**What to do:**
From the first line of the data below through the line holding "پرزنتر بیسیم ری", output each line exactly and leave the pictures out.

**Information supplied:**
====

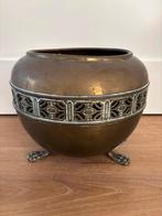 Bloempot of cachepot messing/koper op pootjes, voor de afmetingen zie de foto’s. Bij versturen verzendkosten en risico voor de koper.
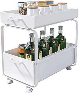 シンク下収納 キッチン収納 シンク下スライドラック 引き出し式収納 多機能のキッチン収納 スライド式 ステンレス棚 調味料/スパイス/ボトル収納 整理ラック 収納ラック 食器棚 食器収納 すきま収納 スライド式収納ラック (ホワイト)
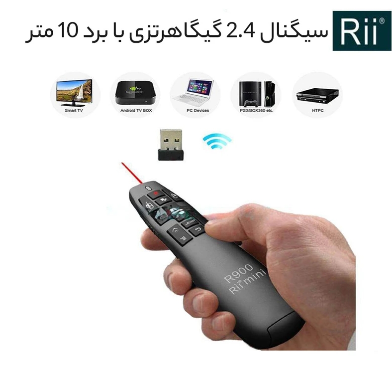 پرزنتر بیسیم ری مدل R۹۰۰ Mini ابزاری کوچک و قدرتمند است که برای ارائههای حرفهای و مدیریت اسلایدها طراحی شده است. این پرزنتر با بهرهگیری از فناوری اتصال ۲.۴ گیگاهرتز (۲.۴ GHz)، اتصالی پایدار و بدون قطعی را تا برد ۱۰ متر برای شما تضمین میکند، که آزادی عمل کامل را در حین ارائه در اختیار شما قرار میدهد.
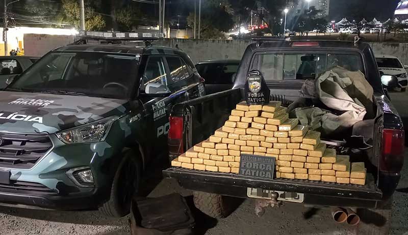 Ainda em continuidade da operação, por volta de 19h30, durante patrulhamento pela região do bairro Novo Horizonte, os militares abordaram um homem que estava em uma caminhonete. Em revista pessoal a ele, nada de ilícito foi encontrado. Já na carroceria do veículo, os policiais localizaram uma mala e bolsa contendo 96 tabletes de maconha.

====

**Exercise solution:**
 Bloempot of cachepot messing/koper op pootjes, voor de afmetingen zie de foto’s. Bij versturen verzendkosten en risico voor de koper.
 シンク下収納 キッチン収納 シンク下スライドラック 引き出し式収納 多機能のキッチン収納 スライド式 ステンレス棚 調味料/スパイス/ボトル収納 整理ラック 収納ラック 食器棚 食器収納 すきま収納 スライド式収納ラック (ホワイト)
 پرزنتر بیسیم ری مدل R۹۰۰ Mini ابزاری کوچک و قدرتمند است که برای ارائههای حرفهای و مدیریت اسلایدها طراحی شده است. این پرزنتر با بهرهگیری از فناوری اتصال ۲.۴ گیگاهرتز (۲.۴ GHz)، اتصالی پایدار و بدون قطعی را تا برد ۱۰ متر برای شما تضمین میکند، که آزادی عمل کامل را در حین ارائه در اختیار شما قرار میدهد.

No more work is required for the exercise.